Science Museum - Tell

It’s 2014 and the watchword in the museum community is Visitor Generated Content (VGC). The walls of the museum are breaking down and the role of the curator handing down information to a passive public is being challenged. Now it is the audience who are invited to bring their own interpretation to the artefacts on display, and encouraged to share their thoughts in new and interesting ways. Working with the New Media team at the Science Museum I am tasked to produce a report on the current state of VGC in the museum community and to come up with innovative ways of allowing visitors to the museum to interact with the museum’s collections and with each other.

The system I create is designed to be flexible enough to adapt to any exhibition and scale from the smallest to the largest potential audience. One of the big problems with VGC is the potential for inappropriate material to be posted and the difficulty of moderating visitor input. To mitigate this the system is designed with quarantining functionality provided by machine learning algorithms and natural language processing techniques.

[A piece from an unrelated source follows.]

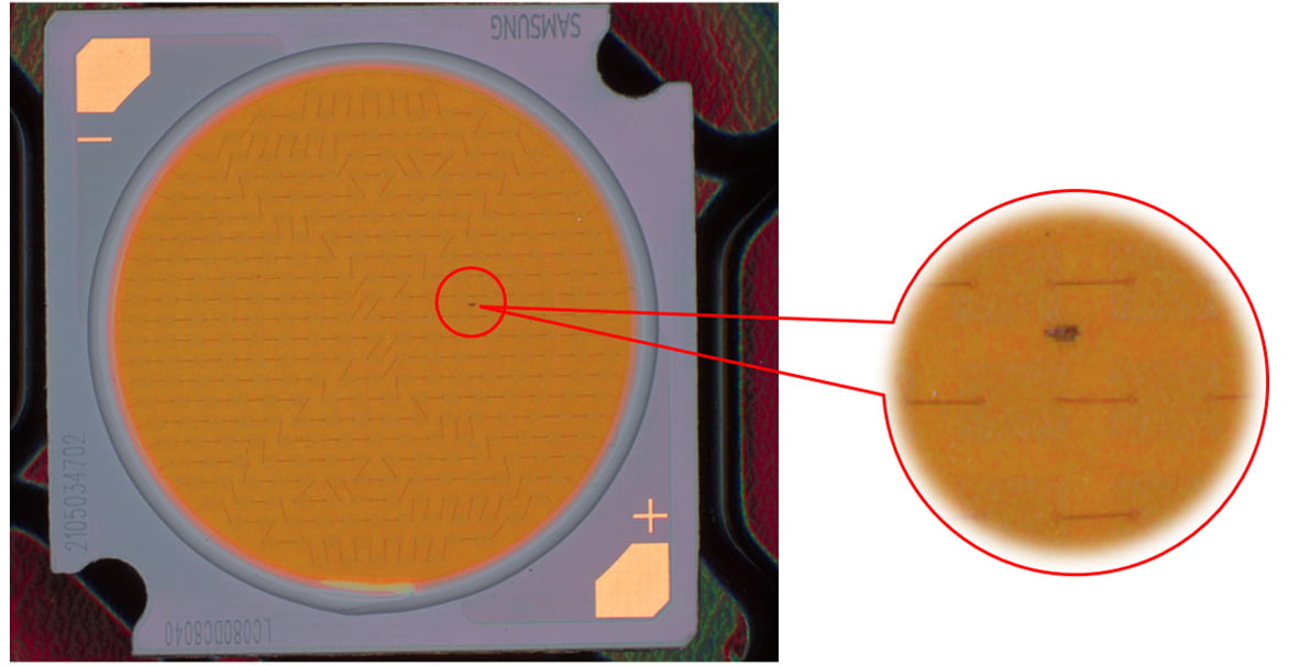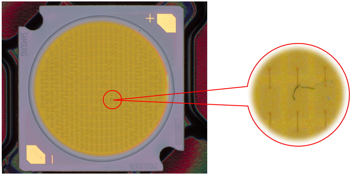 說明:燈珠表面有膠通過高角度垂直照射,凸顯出劃傷。

The smartphone and social networks are ubiquitous on the museum floor so I create a system to utilise these technologies. Visitors are invited to take photos and post to instagram or twitter using predefined hashtags which are monitored over the real-time APIs by a server. This server performs some basic moderation tasks using machine learning to quarantine suspect content. The rest of the content is allowed through instantly and appears on monitors in the gallery. Quarantined content is sent to human moderators who perform a secondary check and have the final say on whether the material gets shown.